These incredibly rich and moist brownies are wonderful on their own, but also make a great base for dairy-free brownie sundaes. For a small batch, halve all of the ingredients and bake the batter in an 8x8-inch baking pan.
Author: Alisa Fleming
Recipe type: Dessert
Cuisine: American
Serves: 18 to 24 brownies
Ingredients
2 cups all-purpose flour
1 cup sugar
1 cup brown sugar
⅔ cup cocoa powder (increase to ¾ cup for even more chocolaty)
Preheat your oven to 350ºF and grease and flour a 13x9-inch baking pan.

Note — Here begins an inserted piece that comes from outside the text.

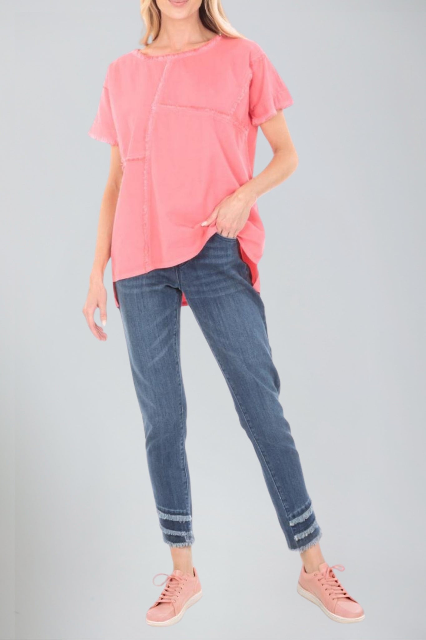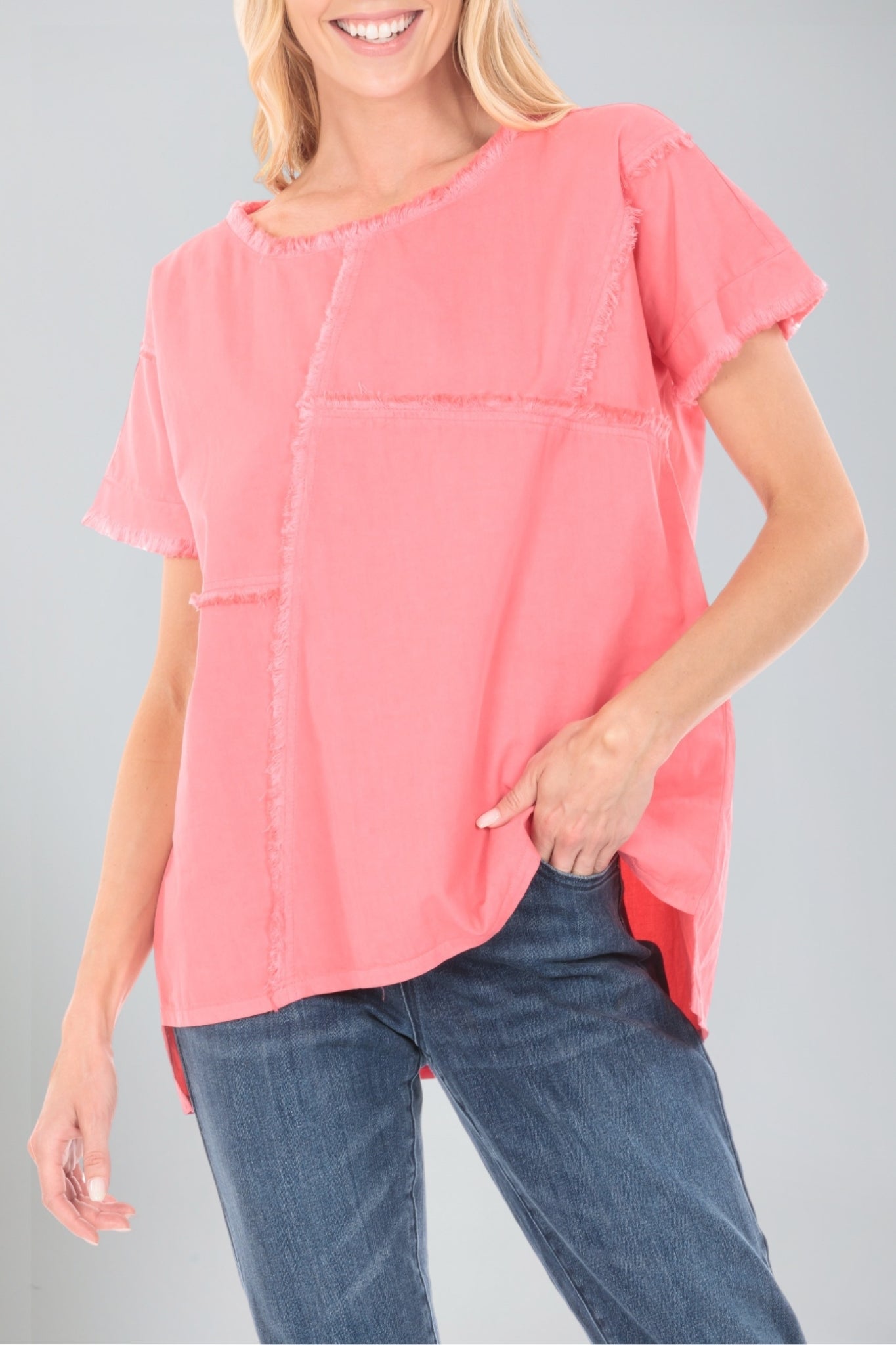 The Patched Tee with Frayed Seams offers a perfect combination of edgy and casual style. Featuring bold patchwork details and frayed seams, this tee creates a relaxed, worn-in look that’s both fashion-forward and comfortable. Made from soft, breathable fabric, it provides a laid-back fit that’s ideal for everyday wear. Pair it with jeans, shorts, or skirts for a versatile look that adds an effortless touch of style. Whether you're hanging out with friends or enjoying a casual outing, this tee makes a statement while keeping you cool and comfortable.

In a large bowl, whisk together the flour, sugar, brown sugar, cocoa powder, salt, and baking powder. Whisking in the center to create a well in the ingredients.
Add the water, oil, and vanilla to the well in your dry ingredients, and whisk the wet ingredients while incorporating the dry ingredients, until smooth. Do not overmix.
Fold in chocolate chips.
Scrape the batter into your prepared pan.
Bake for 25 to 30 minutes, or until a knife inserted in the center of the brownies comes out clean.
Let the brownies cool before cutting.
Leftovers can be stored in an airtight container at room temperature for a couple of days, but I prefer to refrigerate or freeze them.